_COLLECTED DATA_:
---

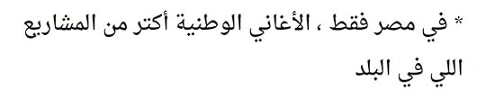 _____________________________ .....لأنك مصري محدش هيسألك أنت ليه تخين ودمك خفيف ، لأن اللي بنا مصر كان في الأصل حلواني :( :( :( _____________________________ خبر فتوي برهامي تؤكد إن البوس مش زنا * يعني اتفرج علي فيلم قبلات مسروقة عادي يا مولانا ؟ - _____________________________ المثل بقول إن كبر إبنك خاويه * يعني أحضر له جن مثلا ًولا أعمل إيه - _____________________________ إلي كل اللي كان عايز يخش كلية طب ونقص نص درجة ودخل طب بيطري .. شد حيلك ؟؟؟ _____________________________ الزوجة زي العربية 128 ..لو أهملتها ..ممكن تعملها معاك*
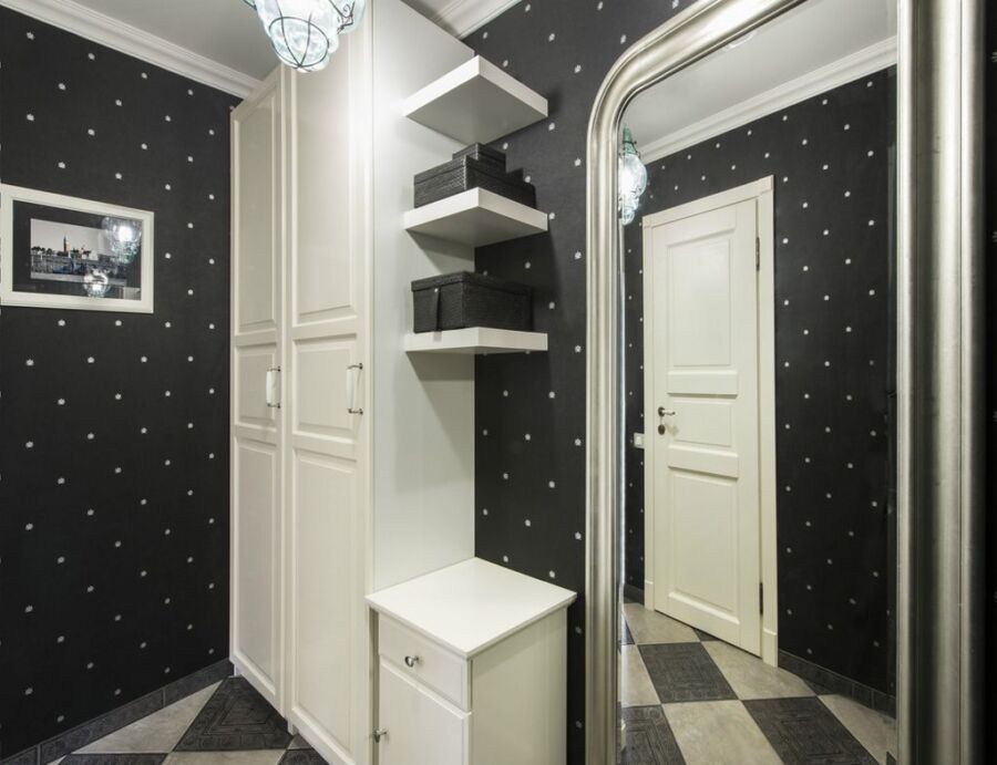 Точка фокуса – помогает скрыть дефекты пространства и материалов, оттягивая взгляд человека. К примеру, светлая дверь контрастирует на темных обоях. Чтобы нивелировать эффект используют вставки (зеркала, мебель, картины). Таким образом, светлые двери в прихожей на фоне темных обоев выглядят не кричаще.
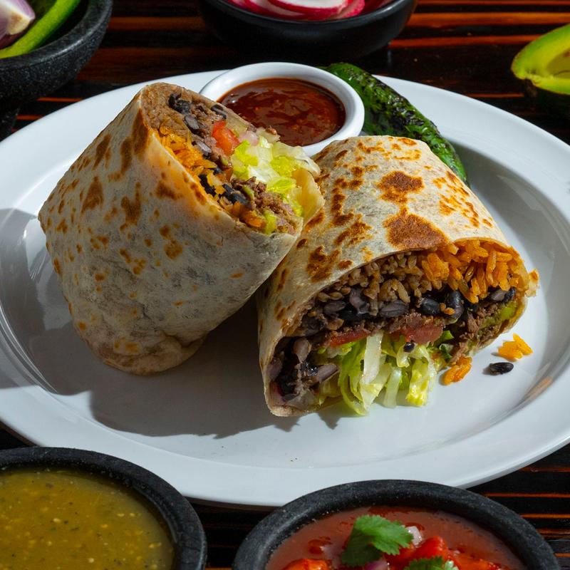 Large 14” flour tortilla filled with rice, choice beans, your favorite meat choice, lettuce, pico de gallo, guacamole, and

---

_WHAT YOU WILL DO_: Return the material in full, word for word, and skip the pictures.

_PROBLEM SOLUTION_:
 _____________________________ .....لأنك مصري محدش هيسألك أنت ليه تخين ودمك خفيف ، لأن اللي بنا مصر كان في الأصل حلواني :( :( :( _____________________________ خبر فتوي برهامي تؤكد إن البوس مش زنا * يعني اتفرج علي فيلم قبلات مسروقة عادي يا مولانا ؟ - _____________________________ المثل بقول إن كبر إبنك خاويه * يعني أحضر له جن مثلا ًولا أعمل إيه - _____________________________ إلي كل اللي كان عايز يخش كلية طب ونقص نص درجة ودخل طب بيطري .. شد حيلك ؟؟؟ _____________________________ الزوجة زي العربية 128 ..لو أهملتها ..ممكن تعملها معاك*
 Точка фокуса – помогает скрыть дефекты пространства и материалов, оттягивая взгляд человека. К примеру, светлая дверь контрастирует на темных обоях. Чтобы нивелировать эффект используют вставки (зеркала, мебель, картины). Таким образом, светлые двери в прихожей на фоне темных обоев выглядят не кричаще.
 Large 14” flour tortilla filled with rice, choice beans, your favorite meat choice, lettuce, pico de gallo, guacamole, and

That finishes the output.